Dalam kajian linguistik umum bahasa, baik sebagai langage maupun langue,
lajim didefinisikan sebagai sebuah sistem lambang bunyi yang bersifat
arbitrer yang digunakan manusia sebagai alat komunikasi atau alat
interaksi sosial. Sebagai sebuah sistem, bahasa juga bersifat sistematis,
artinya secara keseluruhan bahasa itu ada kaidah-kaidahnya. Lalu,
secara sistematis artinya, sistem bahasa itu bukan merupakan sistem
tunggal, melainkan ada subsistem-subsistemnya, yang subsistemnya
gramatikal dan subsistem semantik.
Sebagai
lambang artinya, setiap satuan bahasa seperti kata dan kalimat, tentu
ada yang dilambangkannya. Kemudian, karena lambang bahasa itu berupa
bunyi, maka lambang bahasa yang berbunyi [kuda] digunakan untuk
melambangkan atau menandai ‘sejenis binatang berkaki empat yang biasa
dikendarai’ dan lambang bahasa yang berbunyi [air] digunakan untuk
melambangkan atau menandai ‘sejenis zat cair yang biasa digunakan untuk
keperluan sehari-hari’.
Lambang
bahasa itu bersifat arbitrer. Artinya, tidak ada “hubungan wajib”
antara lambang dengan yang dilambangkan. Jadi, kalau ditanyakan “mengapa
binatang berkaki empat yang biasa dikendarai” disebut atau
dilambangkan dengan bunyi [kuda] tidaklah bisa dijelaskan. Begitu juga
tidak bisa dijelaskan “mengapa zat cair yang biasa digunakan untuk
keperluan sehari-hari” disebut atau dilambangkan dengan bunyi [air].
Akibat
dari sifat arbitrer ini, maka akan kita dapati adanya sebuah lambang
yang digunakan untuk melambangkan dua maujud yang berbeda. Misalnya,
lambang yang berbunyi [pacar] digunakan untuk melambangkan dua maujud
yaitu, ‘kekasih’ dan ‘ pemerah kuku’ atau “inai”. Bisa juga dua lambang
yang berbeda atau lebih digunakan untuk melambangkan maujud yang sama.
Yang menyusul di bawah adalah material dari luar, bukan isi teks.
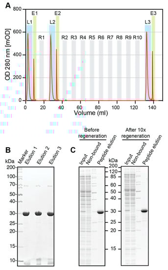 Regeneration of ALFA SelectorCE under acidic conditions. (A): 0.5 mL of ALFA SelectorCE was subjected to a first cycle of loading with ALFA-shGFP2 (L1) and competitive peptide elution (E1). The column was regenerated under acidic conditions using 100 mM glycine and 150 mM NaCl at pH 2.2 (R1) and re-equilibrated with PBS before starting a second cycle of loading and elution (L2 and E2). After 9 additional repeated regeneration/re-equilibration steps (R2–R10), the column was loaded and eluted a third time (L3, E3). The whole procedure was followed by recording the optical density at 280 nm (OD280; red curves). (B): Fractions for each elution step were collected, quantified and analyzed by SDS-PAGE and Coomassie staining. (C): Effect of regeneration on nonspecific background binding. Single-step affinity purification from E. coli lysate blended with shGFP2-ALFA was performed using ALFA SelectorCE either before regeneration or after 10 cycles of regeneration with glycine, pH 2.2 (left and right panels, respectively). The experiment was essentially performed as described for Figure 3A,B.
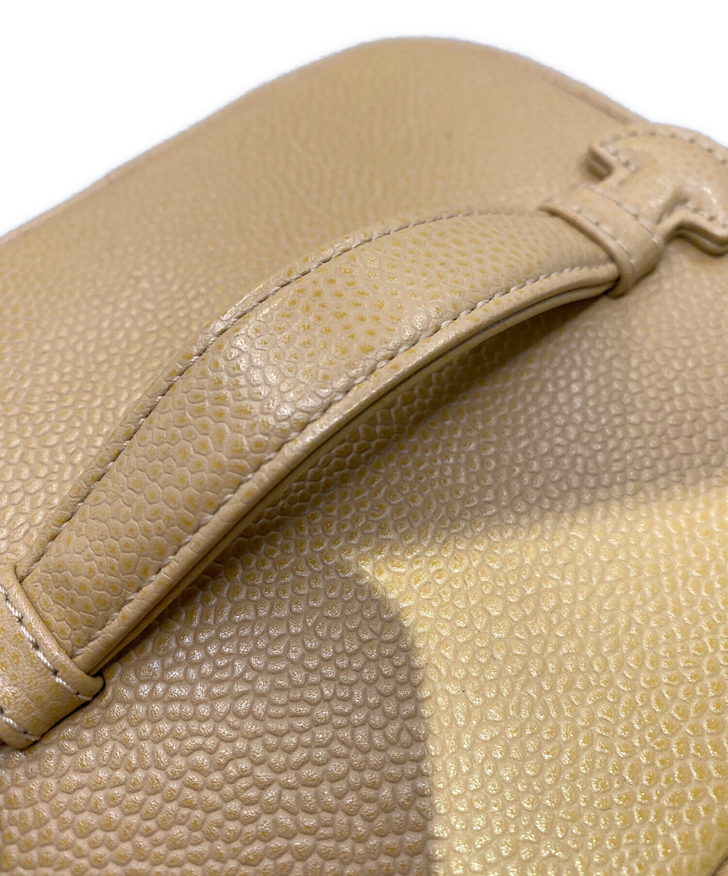 スタッフコメント 高級感あふれるキャビアスキン素材を使用したラグジュアリーなバニティバッグです。しっかりとしたレザーの質感と上品なフォルムが、日常のスタイルにエレガントなアクセントをプラス。収納力のある丸みのあるデザインで、収納性と実用性も◎。付属のGカード・袋付きで保管にも安心のおすすめアイテムです。

Misalnya lambang [mati] , [wafat], dan [meninggal] sama-sama
melambangkan keadaan ‘yang tadinya bernyawa menjadi tidak bernyawa’.
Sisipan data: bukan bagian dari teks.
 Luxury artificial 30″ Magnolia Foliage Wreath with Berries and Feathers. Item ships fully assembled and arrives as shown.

Kejadian lain akibat dari sifat arbitrer ini bisa menjadikan sebuah
lambang bunyi menjadi berbeda dari yang dilambangkan terdahulu. Misalnya
lambang yang berbunyi [ceramah], dulu digunakan untuk melambangkan
keadaan ‘bawel, cerewet’; tetapi sekarang digunakan untuk melambangkan
maujud ‘uraian mengenai suatu bidang ilmu di muka orang banyak’.